In 1993, Australia's currency situation was characterised by a period of relative stability and strategic management under the framework of a floating exchange rate, which had been in place since December 1983. The Australian dollar (AUD) was no longer pegged to any foreign currency or basket, with its value determined by market forces of supply and demand. This period followed the severe economic turbulence of the early 1990s recession, and the Reserve Bank of Australia (RBA) was primarily focused on maintaining low inflation, having adopted an explicit inflation target in 1993. Consequently, monetary policy was geared towards price stability, with interest rates as the key tool, rather than direct targeting of the exchange rate.
The AUD experienced a gradual depreciation trend throughout much of 1993, largely influenced by a significant interest rate differential with major economies, particularly the United States, where rates were lower. This "carry trade" dynamic, where investors borrowed in low-yielding currencies to invest in higher-yielding assets like Australian bonds, provided some support but was offset by broader market sentiment. Key factors weighing on the currency included Australia's persistent current account deficit and concerns about the pace of economic recovery from the recession, which made the commodity-driven economy somewhat vulnerable to shifts in global risk appetite.

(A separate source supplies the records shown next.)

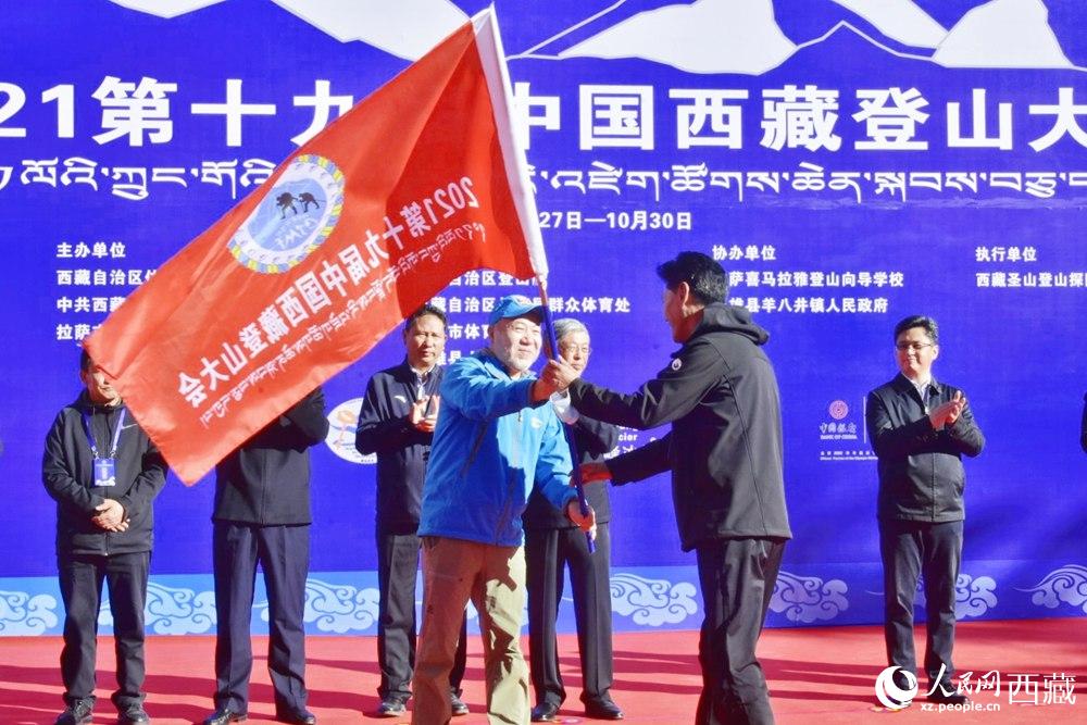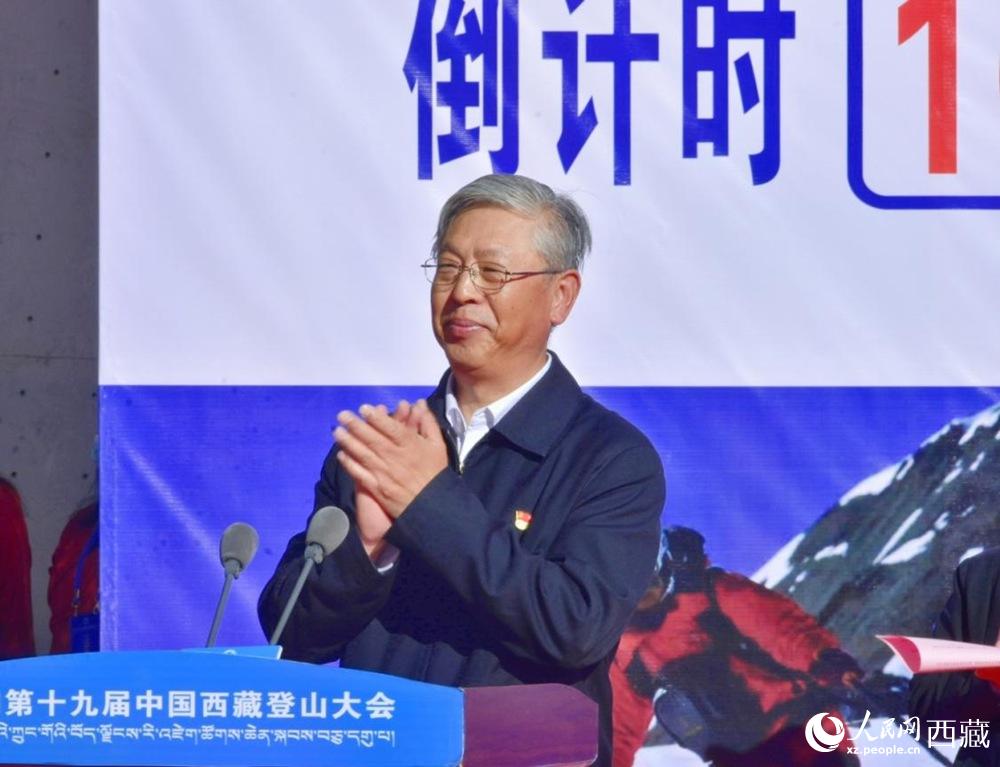 中國登山隊隊長王勇峰致辭。 人民網(wǎng) 李海霞攝
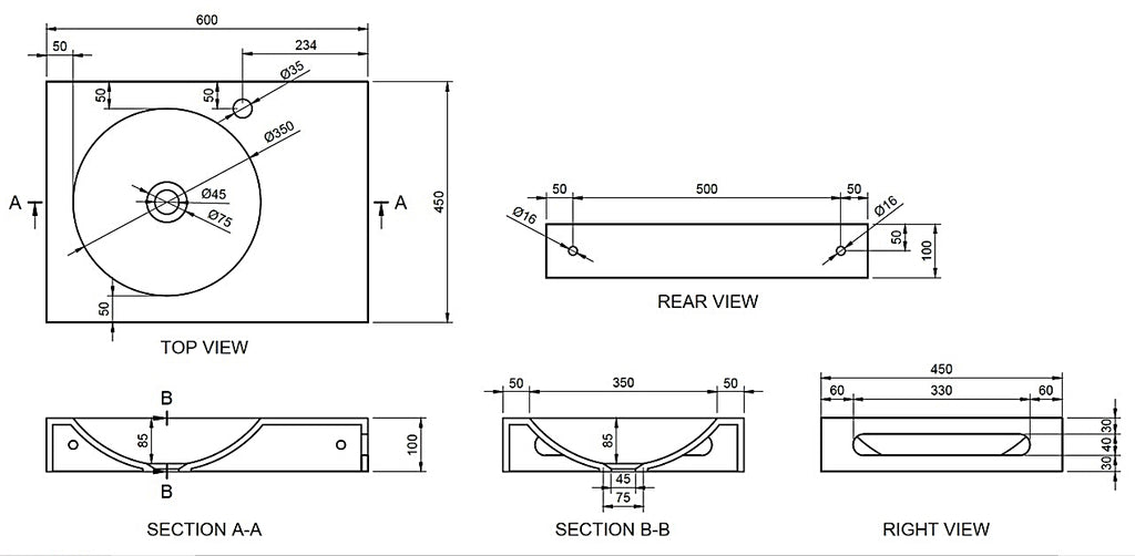 Dimension: 600W x 450D x 100H mm (bowl size 350mm)
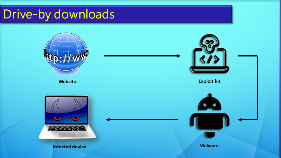 The attacker uses an Exploit Kit to exploit vulnerabilities in your system. The attacker does not need to have advanced computer knowledge to carry out this type of attack.
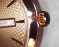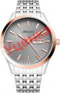 Наручные часы с круглым стальном корпусе. Гильошированный циферблат с метками в виде штрихов. Окошко даты и дня недели находится в положении 3 часа. Рифленая заводная головка. Браслет с раскладывающейся застежкой.
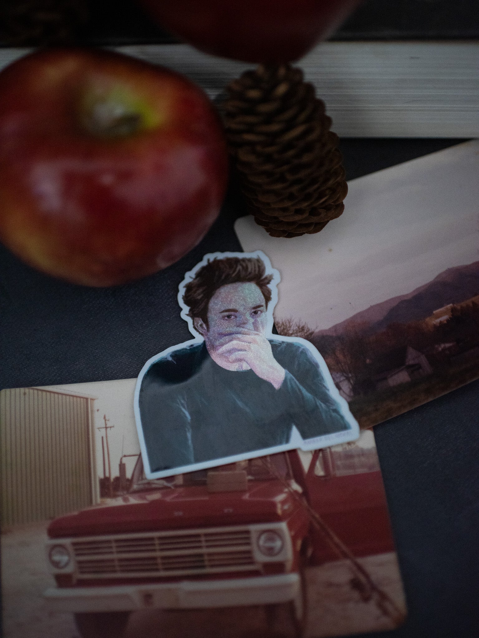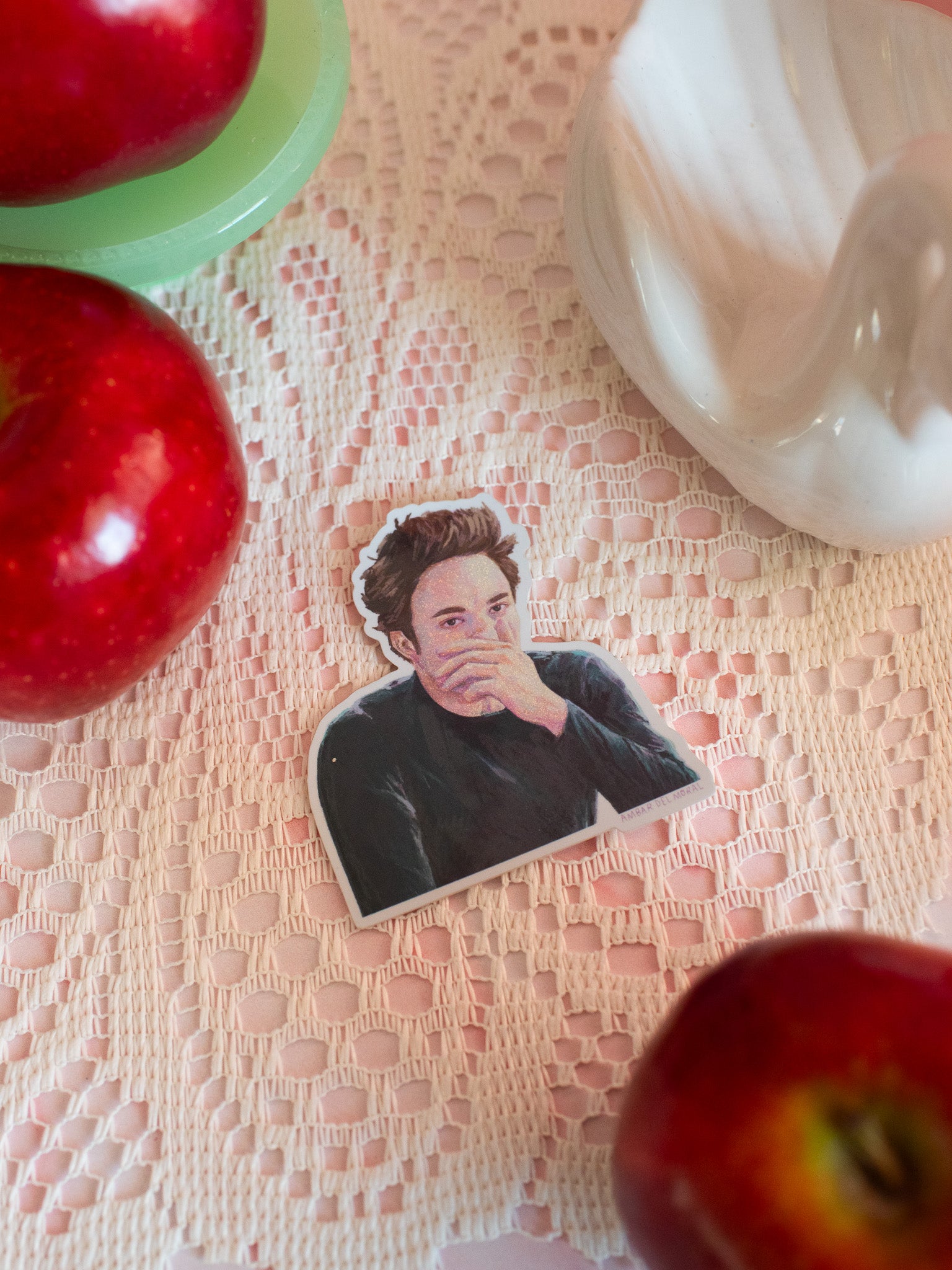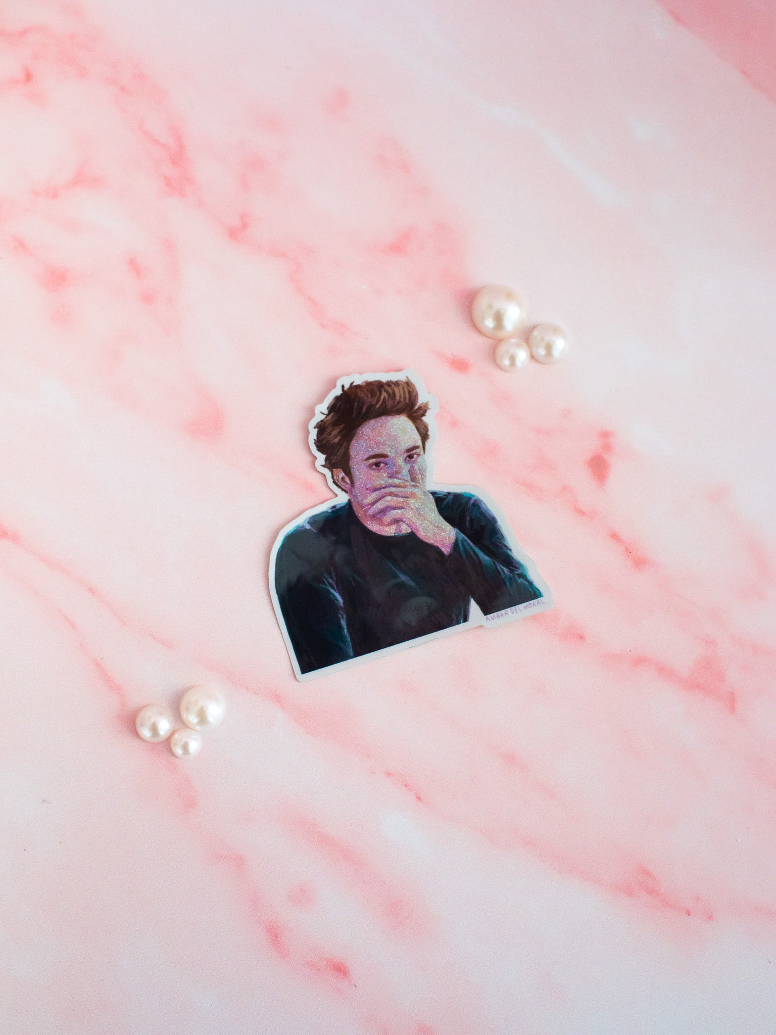 This vinyl sticker features a glittery Edward Cullen covering his nose because he cannot stand the smell of that one girl in class.
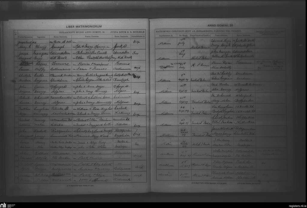 Rathfarnham; County of Dublin; Archdiocese of Dublin. Marriages, July 1909 to Oct. 1909
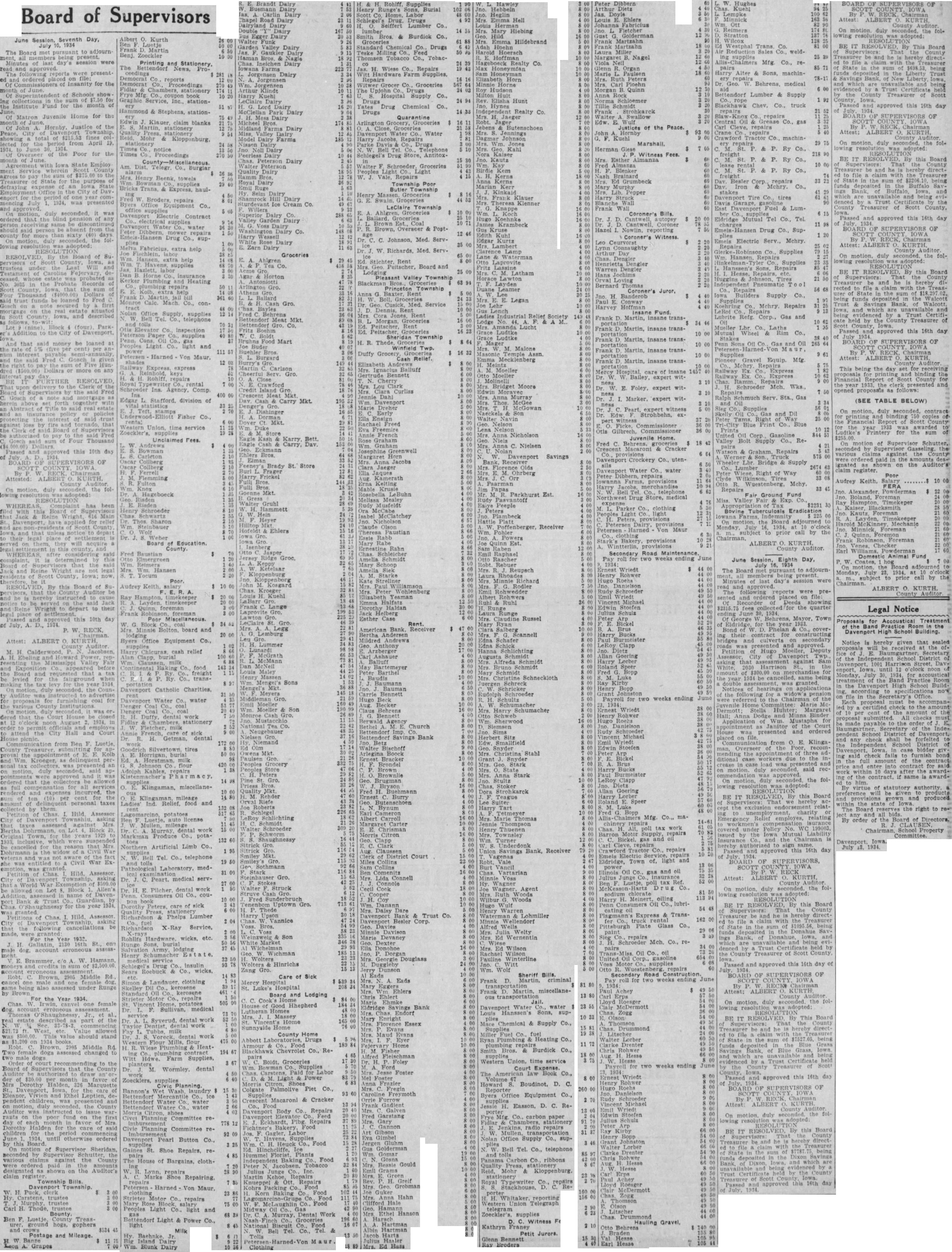 Albert Kurth Luetje Frank Martin Benj. Zoeckler Printing and Stationery, The Democrat reports Democrat Co., Proceedings Frye Co., book Inc., & Stephens, stationery Klauer, claim blanks notice Proceedings Am. Telegr. Co., Beenk, towels supplies & Express, repairs Equipment Co., Contract Co., water repairs Hansen Drug supextra help extra supplies Dan Heating consupplies Peterson Paper supplies Light Co., and power Petersen Harned Von shades Express, express Ins. Agency. Comp Edgar Stafford. division of Fisher Co., rental Western Union time service Unclaimed Fees. Bowman Carleton Collberg Collberg Ferrell Flemming Fulton Hageboeck Risden Risden Schroeder Schwartz Sharon Steinbauer Dr. Weber Board Education County. Fred Baustian $ Elmergreen Reimers Hansen Yocum Poor. Audrey Ray Hampton timekeeper timekeeper Quinn, foreman foreman Poor Miscellaneous. Block Mrs Minnie Bolton. board and Byers Equipment Co., cash relief food freight transDavenport Catholic Charities, Water Co., water coal dental Chambers, Fletcher, Getman, dental tires Klingaman, miscellaneand potatoes auto license dental work Produce Co., potaArtificial Limb Co., Tel. Co., telephone Laboratory, medDr C. Peart. medical serv-
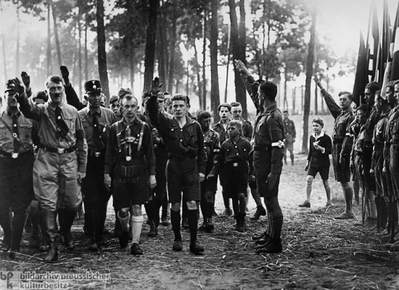 Adolf Hitler marching with arriving Hitler Youth at the 4th Reich Party Congress Nuremberg in August 1929.
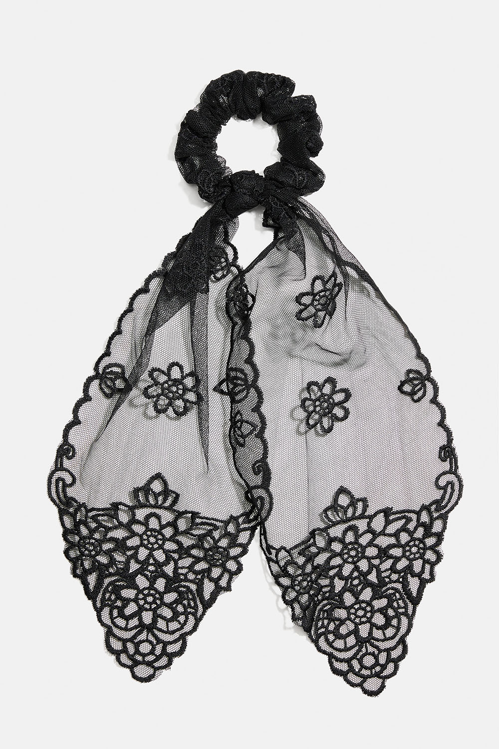 Scrunchie tail med sort blondestof. En fin detalje, der skaber en illusion af, at man har bundet et tørklæde om sin håropsætning.
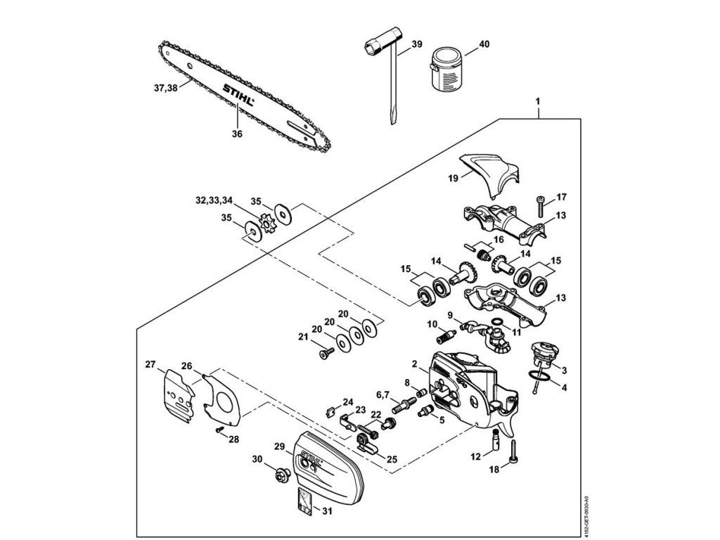 HT 56 C-E / Prevodovka / Náhradný diel číslo: 32, Reťazové koleso 1/4"P 8 Z, obsahuje diely č.: 35
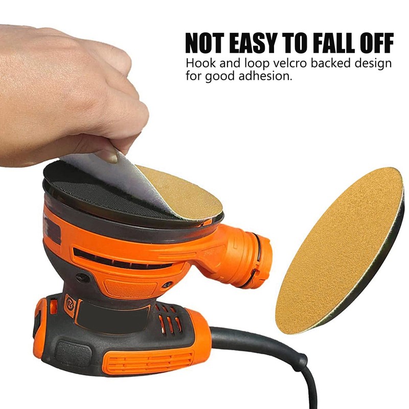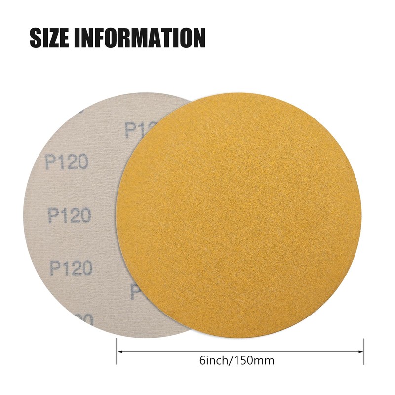 - Package Included: 50pcs of premium 120 grit 6” gold sanding discs with a hook & loop backing. High-performance enables them to be quickly and securely attached to a sanders hook & loop backing plate.
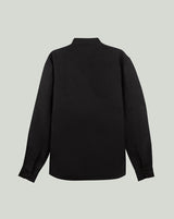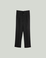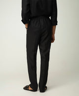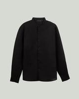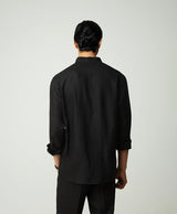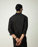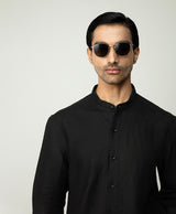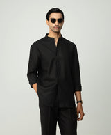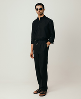 Black Linen Shirt with Mandarin Collar & S-Pintucks with Relaxed Pleated Drawstring Trousers
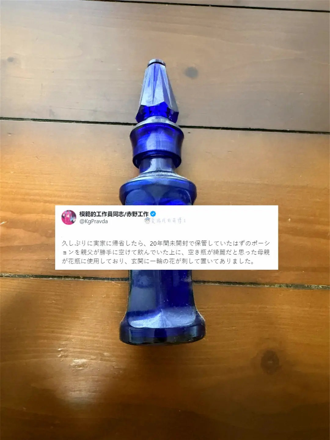 一位叫“赤野工作(社群ID为KgPravda)”的网友(其职业认证是作家)稍早在社群里分享了一段有趣的经历,配文为“时隔多年回到老家探亲,发现父亲竟擅自打开了那瓶本该封存二十年的药水,并且喝掉了,而母亲觉得空瓶子漂亮,竟把它当花瓶用了,玄关处插着一朵孤零零的花”。配图则是一个造型精致的蓝色小瓶子,观看次数短时间内突破了860万,火爆一时!
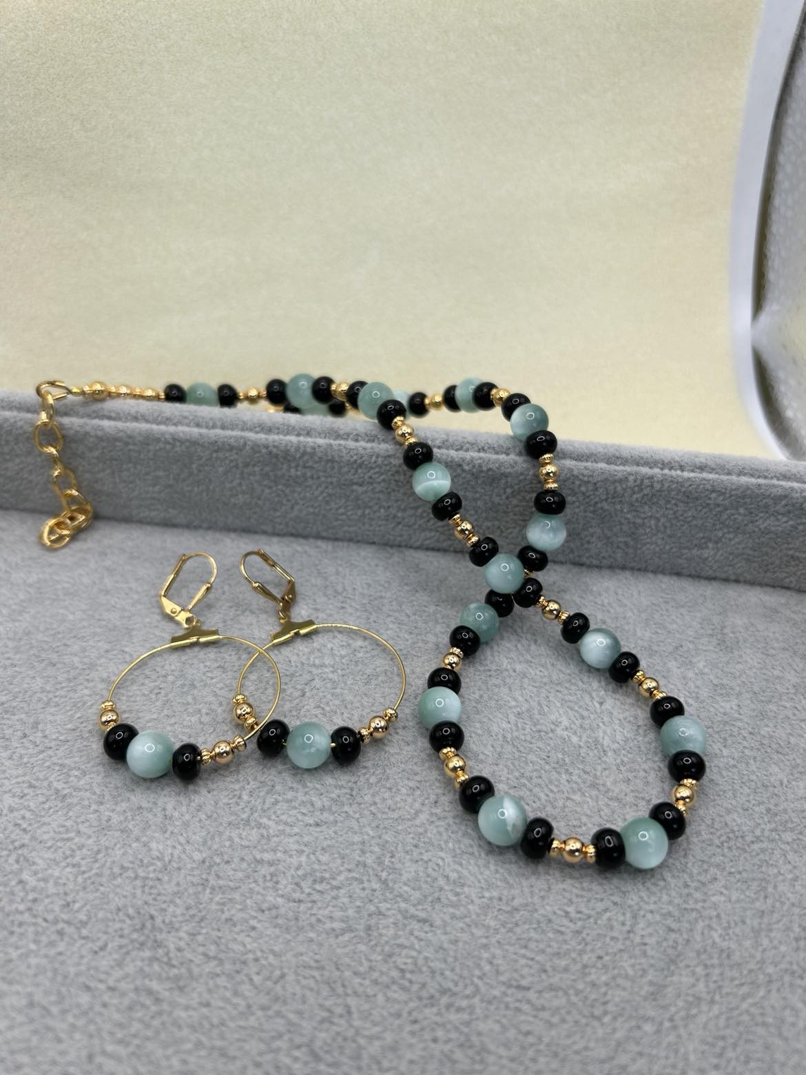 Subtle shades of green-blue in Pectolite beads are paired with the black Natural Onyx disks to create a classic piece. Gold-plated lever backs support hoop earrings. 19.5 - 21.5 inches long. Oversized lobster claw clasp for ease of use.
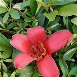 前方为开了一半的花后方为未开的花苞 常绿中型灌木或小乔木,一般有几米高,但最高可达15米。间有明显主干但并不强健,如植株高于7米以上需用支撑物或经修剪。树冠圆形,枝叶密集。树枝棕色。

Overall, the currency landscape in 1993 was one of managed flexibility. The RBA intervened in the foreign exchange market only on occasion to smooth excessive volatility or disorderly conditions, a practice known as "leaning against the wind." The dollar's depreciation was generally viewed by policymakers and exporters as beneficial, helping to stimulate economic growth by making Australian exports more competitive on the global market. This environment set the stage for the mid-1990s, where a stronger global economy and rising commodity demand would begin to exert upward pressure on the Australian dollar.